Dataset extract:
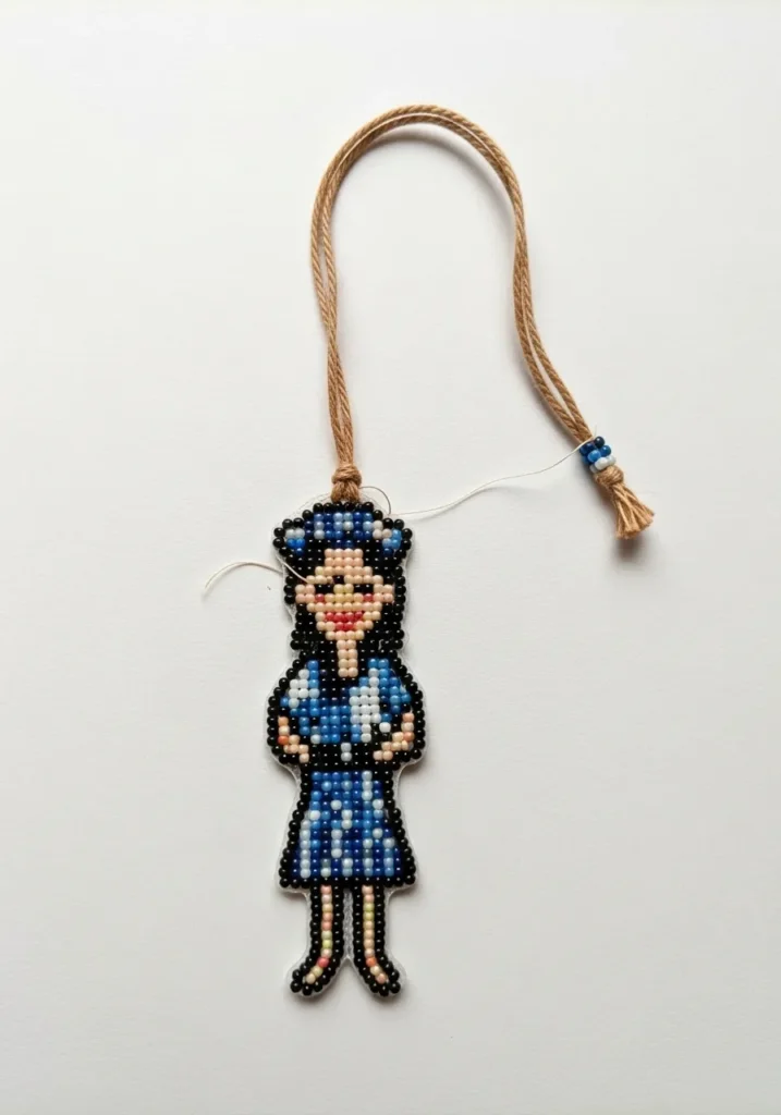 This elegant hand beaded fabric pendant features a sweet doll figure stitched entirely with tiny seed beads in soft blues, black, cream, and blush tones. The design is outlined in darker beads to define the shape, while the dress is filled with patterned blue beads that give it texture and depth. Her rosy cheeks and small red lips add a playful pop of color, and the piece is finished with a simple braided cord hanger accented with a few coordinating beads. The overall look is neat, detailed, and slightly nostalgic, with a lovely handcrafted feel.
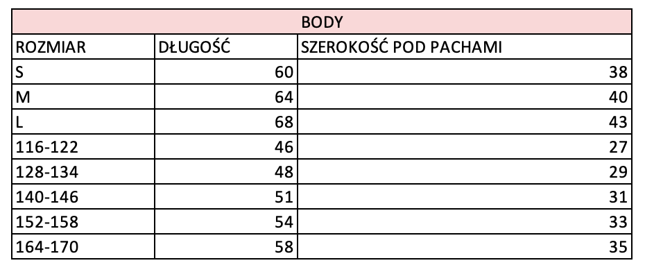ilość Body bez rękawków
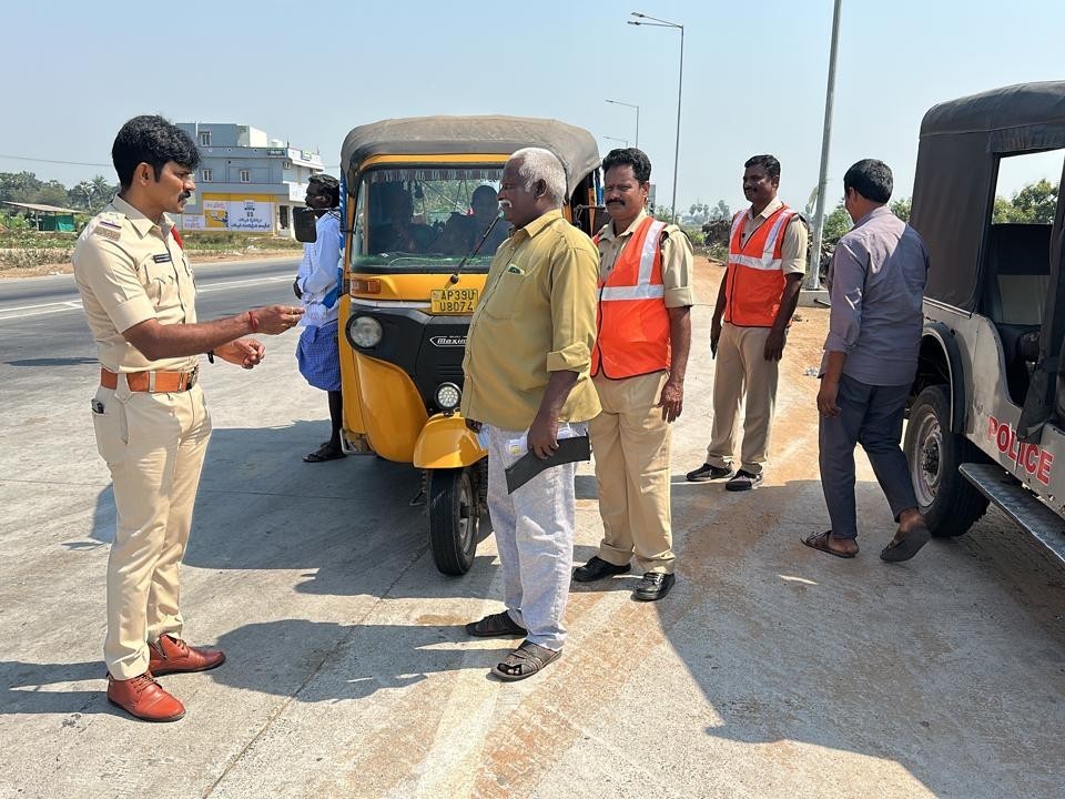 బాపట్ల జిల్లా ఎస్పీ బి. ఉమా మహేశ్వర్ ఆదేశాల మేరకు రోడ్డు ప్రమాదాల నివారణ చర్యల్లో భాగంగా శుక్రవారం చందోలు పోలీస్ స్టేషన్ పరిధిలోని రెడ్డిపాలెం టోల్ ప్లాజా వద్ద ఎస్సై మర్రి వెంకట శివకుమార్ వాహనాల తనిఖీ నిర్వహించారు. ఆటోల్లో పరిమితికి మించి ప్రయాణికులను ఎక్కించడం నేరమని, వాహనదారులు తప్పనిసరిగా రోడ్డు భద్రతా నియమాలు పాటించాలని సూచించారు.

Task to carry out: Leave the pictures aside and print exactly, and only, the lines from the one with "ilość Body bez rękawków" through the end of the data, both included.

Exercise solution:
ilość Body bez rękawków
 బాపట్ల జిల్లా ఎస్పీ బి. ఉమా మహేశ్వర్ ఆదేశాల మేరకు రోడ్డు ప్రమాదాల నివారణ చర్యల్లో భాగంగా శుక్రవారం చందోలు పోలీస్ స్టేషన్ పరిధిలోని రెడ్డిపాలెం టోల్ ప్లాజా వద్ద ఎస్సై మర్రి వెంకట శివకుమార్ వాహనాల తనిఖీ నిర్వహించారు. ఆటోల్లో పరిమితికి మించి ప్రయాణికులను ఎక్కించడం నేరమని, వాహనదారులు తప్పనిసరిగా రోడ్డు భద్రతా నియమాలు పాటించాలని సూచించారు.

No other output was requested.